The prevalence rates of asthma and obesity continue to rise. A number of environmental factors, including air pollution, cigarette smoking, allergen exposure, and diet have been proposed as explanations for the increases in the prevalence of asthma1). The prevalence of asthma2) has increased in Korea (from 5.7% in 1980 to 10.1% in 1990). Asthma and allergy in developing countries may be associated with the adoption of an urbanized "western" life style. The total intake of calories is increasing with the industrialization of Korea. Recent studies have found an association between body mass index (BMI) and asthma in young adults. A study of diet and asthma from Norway observed a positive relationship between BMI and asthma symptoms3). In a nationally representative British birth cohort, BMI was positively associated with the prevalence of asthma and wheezing in individuals studied at 26 years of age4). General obesity and central obesity are potential risk factors of asthma in relatively non-obese Korean adults5). BMI is associated with wheezing in older adults living in rural areas in Korea6). In the large Nurses' Health Study II in the USA, a strong positive association between BMI and the risk of incidence of asthma was observed in women aged 27-44 years who were followed over four years7). The effects of diet may be mediated through an increase in the synthesis of prostaglandin E₂, which in turn can promote the formation of immunoglobulin E1).

Recent cross-sectional studies have suggested that there is an association between being overweight or obese and experiencing asthma symptoms. This association seems to be much stronger in females than in males, suggesting the possibility that female hormones may be directly involved in the putative causal pathway that relates obesity to asthma4, 8-11).
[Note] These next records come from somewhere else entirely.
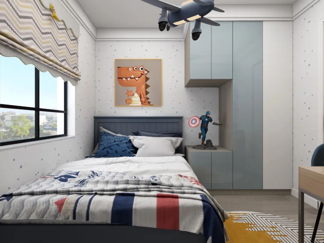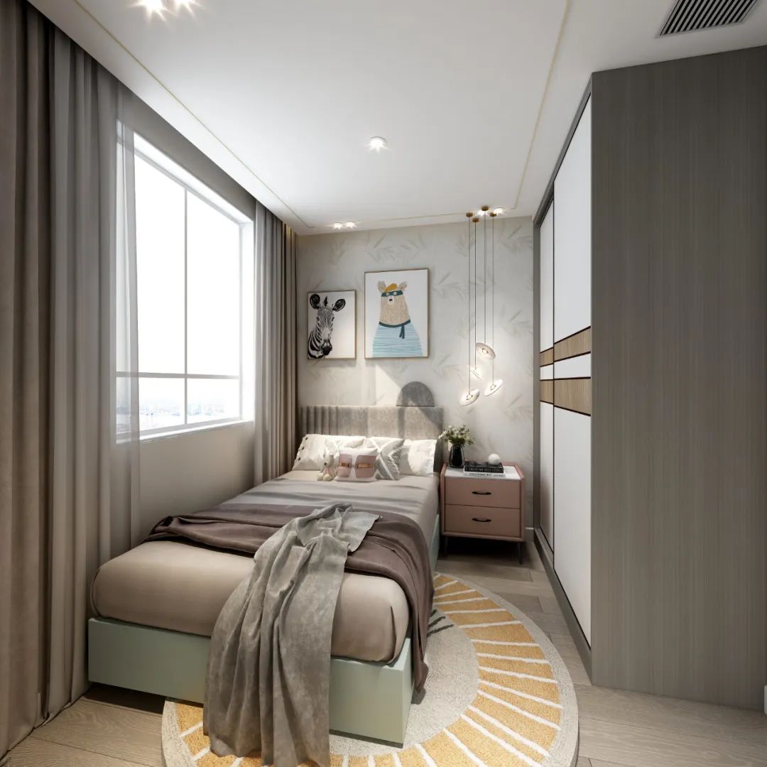 而且小臥室如果作為小孩房的話,有一側靠墻布置,還可以給孩子帶來安全感,不用擔心睡覺時候轉身不小心滾到床下。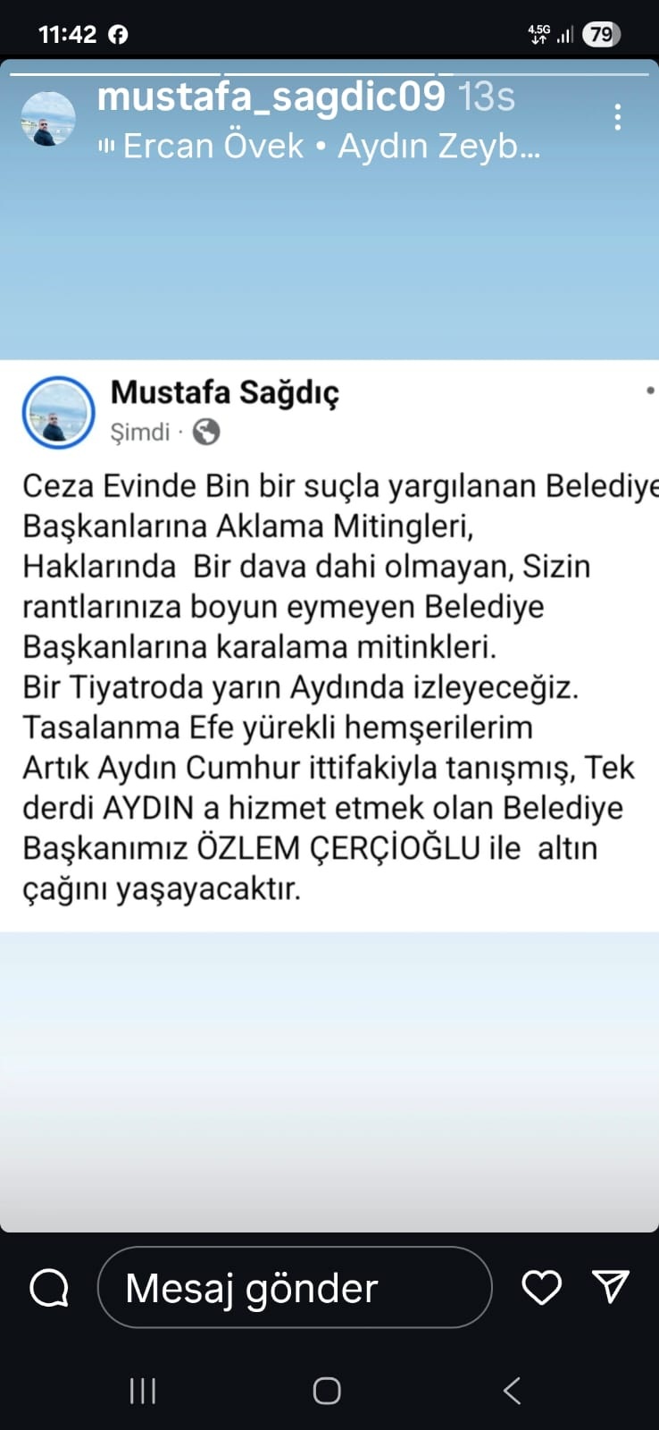 Cumhur ittifakı ortağı MHP’nin Didim İlçe Başkanı Mustafa Sağdıç sosyal medya hesabından yaptığı paylaşımda Çerçioğlu’na destek verdi.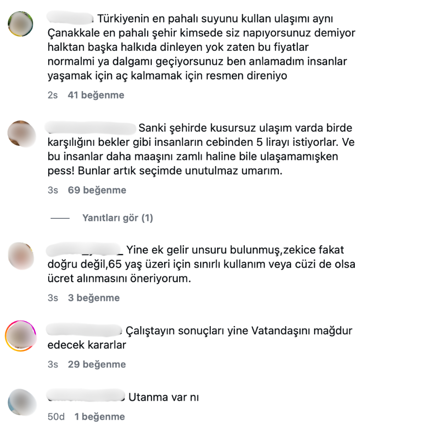Belediyenin bu uygulaması tartışmaları beraberinde getirirken, Çanakkale’deki toplu ulaşımın kalitesizliğini ve kart ödeme noktalarının yetersizliğini gerekçe gösteren vatandaşlar, tüm bu sorunlara rağmen bir de kredi kartlarından komisyon ücreti kesilmesine sosyal medyada çok büyük tepki gösterdi.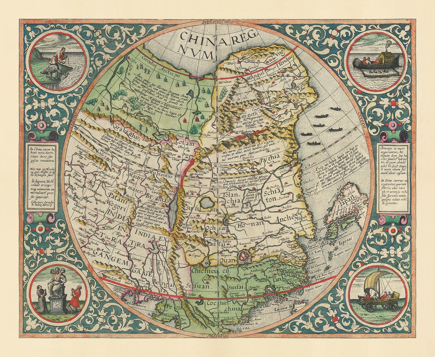 Mapa antiguo más raro de China, 1593 por Cornelis de Jode: Primera carta europea de China, Japón y Corea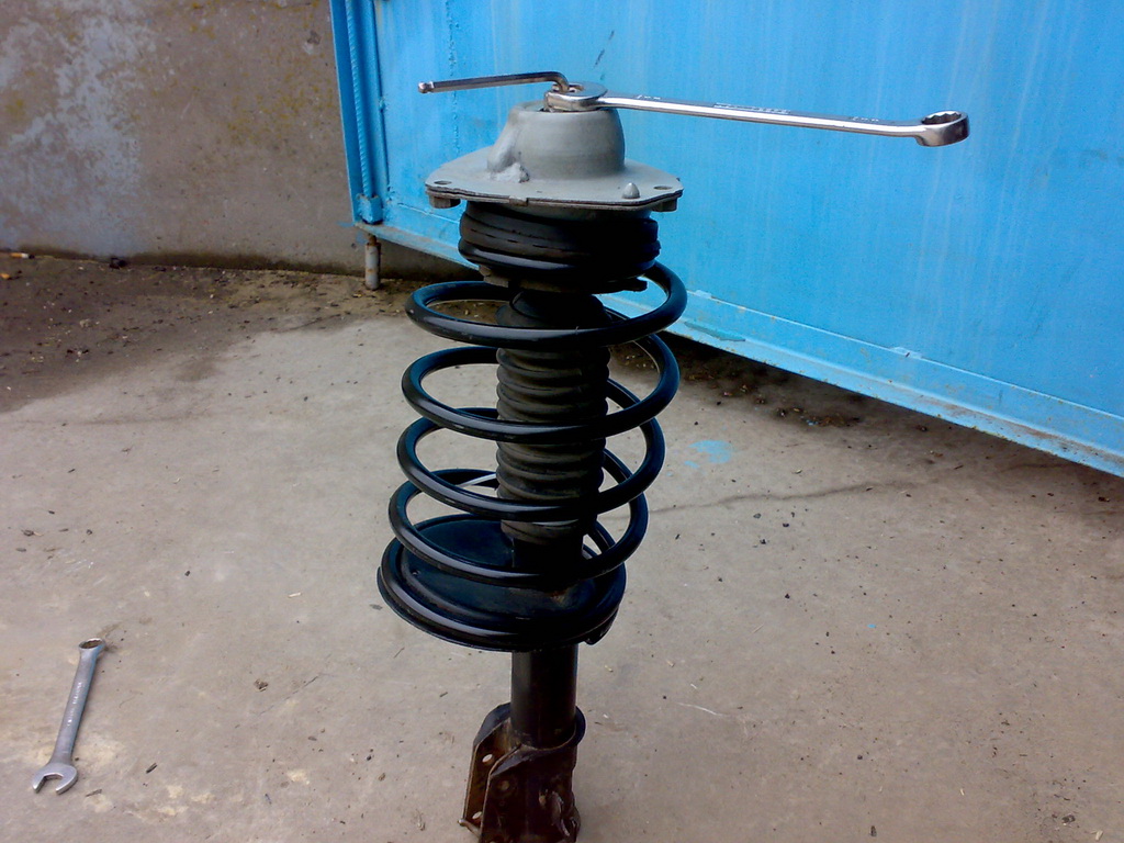 ЗЫ: сначала на установленной на машине стойке отпустить гайку штока!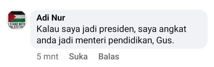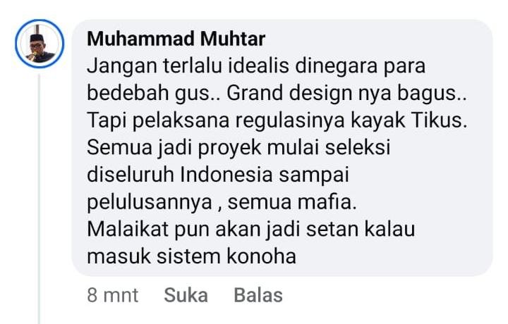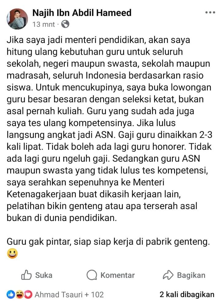 Jika saya jadi menteri pendidikan, akan saya hitung ulang kebutuhan guru untuk seluruh sekolah, negeri maupun swasta, sekolah maupun madrasah, seluruh Indonesia berdasarkan rasio siswa. Untuk mencukupinya, saya buka lowongan guru besar besaran dengan seleksi ketat, bukan asal pernah kuliah. Guru yang sudah ada juga saya tes ulang kompetensinya. Jika lulus langsung angkat jadi ASN. Gaji guru dinaikkan 2-3 kali lipat. Tidak boleh ada lagi guru honorer. Tidak ada lagi guru ngeluh gaji. Sedangkan guru ASN maupun swasta yang tidak lulus tes kompetensi, saya serahkan sepenuhnya ke Menteri Ketenagakerjaan buat dikasih kerjaan lain, pelatihan bikin genteng atau apa terserah asal bukan di dunia pendidikan.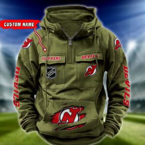 New Jersey Devils NHL Hockey Vintage Quarter Zip Hoodie Retro Hoodie Custom Name WRH1016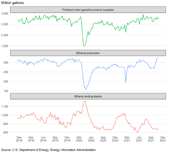 Согласно еженедельным данным Управления энергетической информации (EIA) Министерства энергетики, производство этанола существенно увеличилось в октябре. Еженедельные объемы в октябре почти превысили рекордные показатели, достигнутые в 2017 году. Это увеличение частично связано с высокой маржой производителей этанола, поскольку цены на кукурузу упали с выходом урожая кукурузы 2021/22 года на рынок, а цены на топливо оставались высокими.
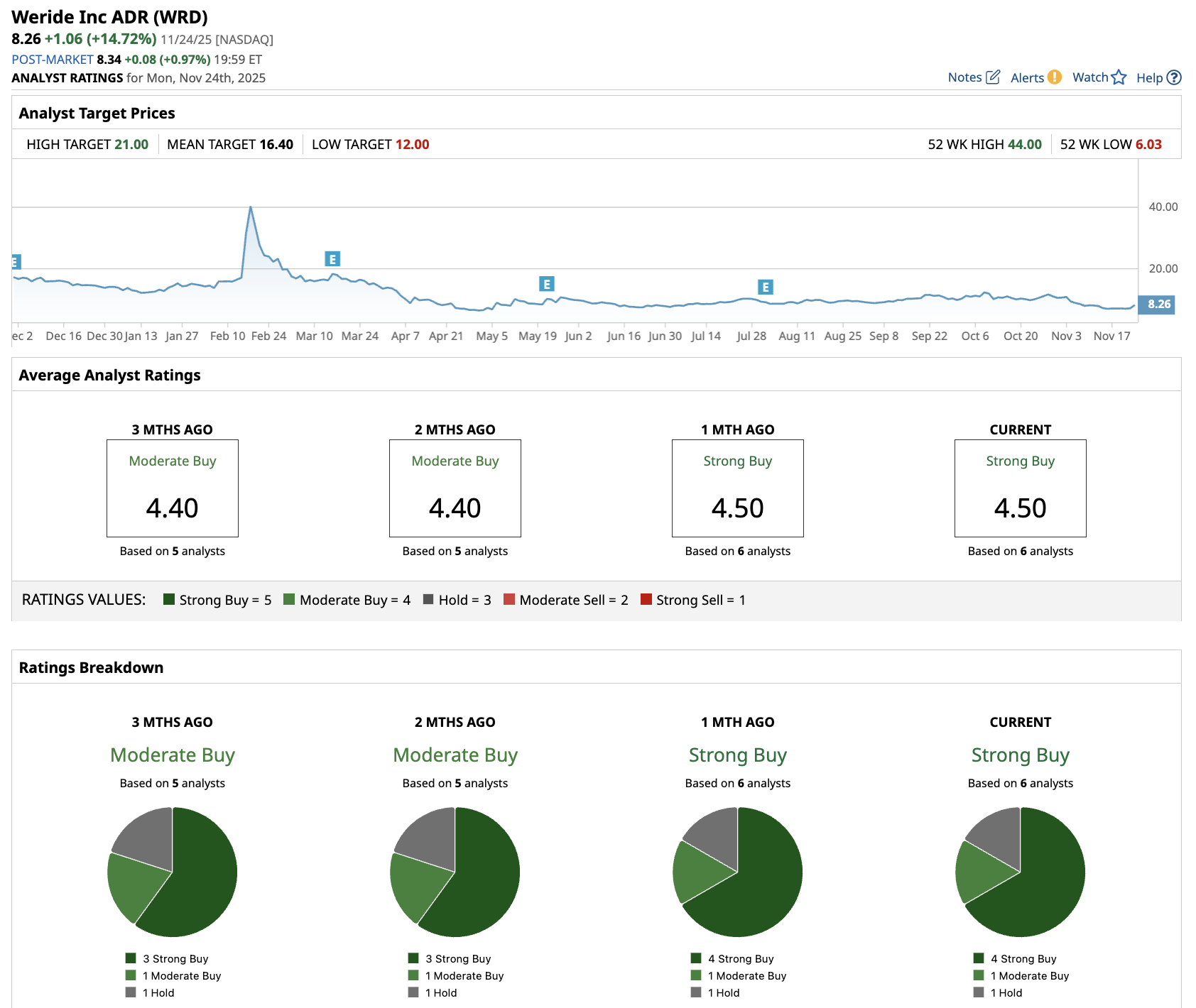 Out of the six analysts covering WeRide stock, four recommend “Strong Buy,” one recommends “Moderate Buy,” and one recommends “Hold.”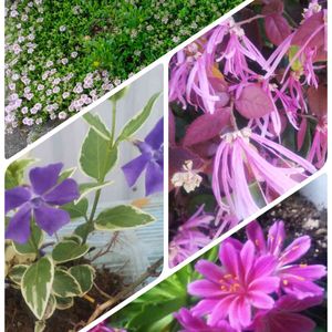 可愛らしい~💕ピンクの花の ✨タイム 紫色💜した ✨ツルニチニチソウ✨ 薄紫色かな⁉️ショウジョウバカマ こちらは、出先にてパシャリ📱 花が終わり、切り取り再度はながさきましたよ😃レウィシア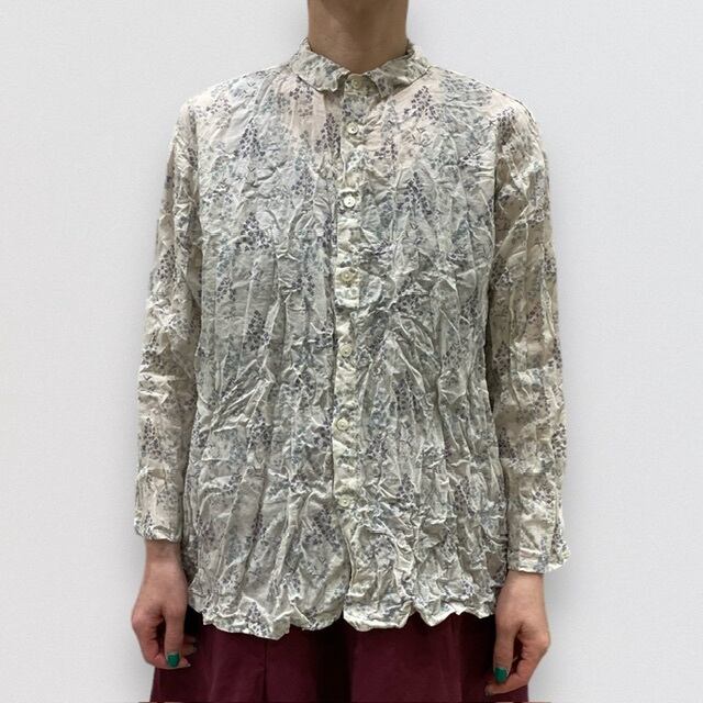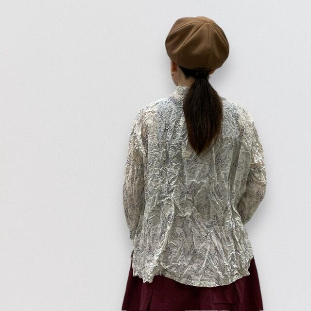スタンダードサイズのシャツカラーで、7分袖、両脇裾には小さなスリット入り。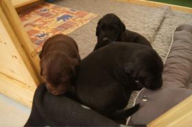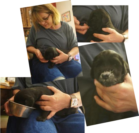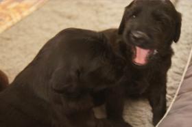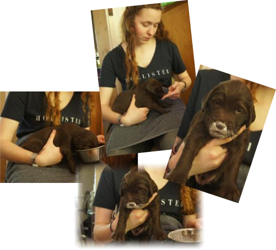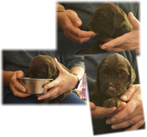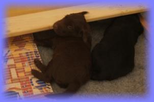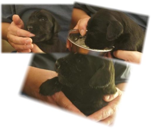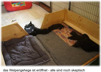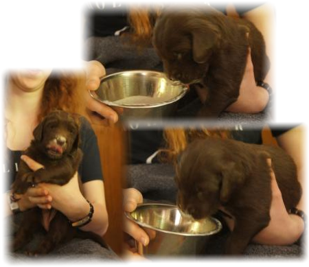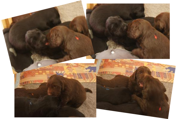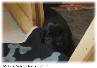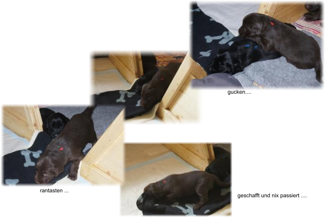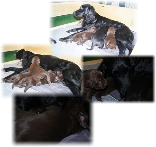 D-Wurf * 25. April 20154. WocheDie Müuse haben gut zugelegt und bringen Leben in die Welpenkiste - es wird gebellt, geknurrt und gekämpft. Nun reagieren sie auch auf Geräusche und fühlen sich so manches Mal von mir gestört, wenn ich staubsauge oder einer unserer Flattis gegen das Welpengitterwedelt. Wenn Lilly im Welpengehege gefüttert wird (5x am Tag) werden sie sofort wach und beginnen zu schimpfen was das Zeug hält ....Heute gibts die erste Wurmkur und ich hoffe, wir können ein paar Fotos machen, die Mimik ist unbeschreiblich ob des anscheinend widerlichen Geschmackes. Dieses Mal wird es wohl noch recht einfach für uns, aber von Mal zu Mal werden die Kleinen sich mehrund mehr wehren . Was ist da los? Oh, die Welt hat gar keine Holzwände....?näher gucken ...Kuscheln bei Mama- dann ist die Welt in Ordnung18. Mai 2015Heute gibt es zum 1. Mal Milch, die nicht von Mama kommt. Die Kleinen müssen nun lernen ihre Milch aus einem Napf zu fressen. Normalerweise nicht ganz so einfach und erfahrungsgemäß sind nicht nur die Flatnäschen hinterher voller Milch sondern auch wir, unsere Kleider und das Umfeld, aber unsere D-chen sind Superbabys, die ausnahmslos alle sofort begriffen haben, dass man vom Essen so wenig wie möglich daneben kleckert und die Milch auch nicht zum Tauchen da ist.... Mr Orange1. am Finger probieren - schmeckt2. dann aus vollen Zügen genießen3. fertig - das war lecker ....Miss VioletMr BlueMiss ClearblueMr Red.... und alle schmecken jetzt sooo lecker - auch der kleinste Tropfen der kostbaren Milch wird abgeschleckt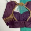 Product Name: Wine Raw Silk Designer Blouse – Grand Boat Neck Zardosi Maggam Work | Wedding Special

Therefore, we have examined the relationship between BMI and AHR, atopy, and asthma symptoms in schoolchildren.

MATERIALS AND METHODS

Study population and questionnaire

All children were 10 to 12 years of age living in both polluted and non-polluted areas. A questionnaire on respiratory and allergic disorders was administered that included questions developed for the International Study of Asthma and Allergies in Childhood (ISAAC). The focus of this survey was on responses to the ISAAC questions on "wheezing in the last 12 months", "number of wheezing attacks in the last 12 months", and on "sleep-disturbing" and "speech limiting" wheezing in the last 12 months. Symptoms of allergic rhinoconjunctivitis (sneezing or runny nose, or blocked nose without a cold and itchy-watery eyes) were assessed12). In addition, a question on morning coughing as a symptom of nonspecific airway irritation was asked ("Did you frequently cough in the morning right after waking up in the last 12 months?"). A total of 667 schoolchildren were enrolled in this study (Table 1). None of the subjects took any drugs such as anti-histamines, cromolyn, theophylline, or sympathomimetics that could interfere with the performance of skin tests or methacholine challenge test within 72 hours of the tests. This study was approved by the Research Committee of the Soonchunhyang University, and all guardians signed informed consent forms before the study.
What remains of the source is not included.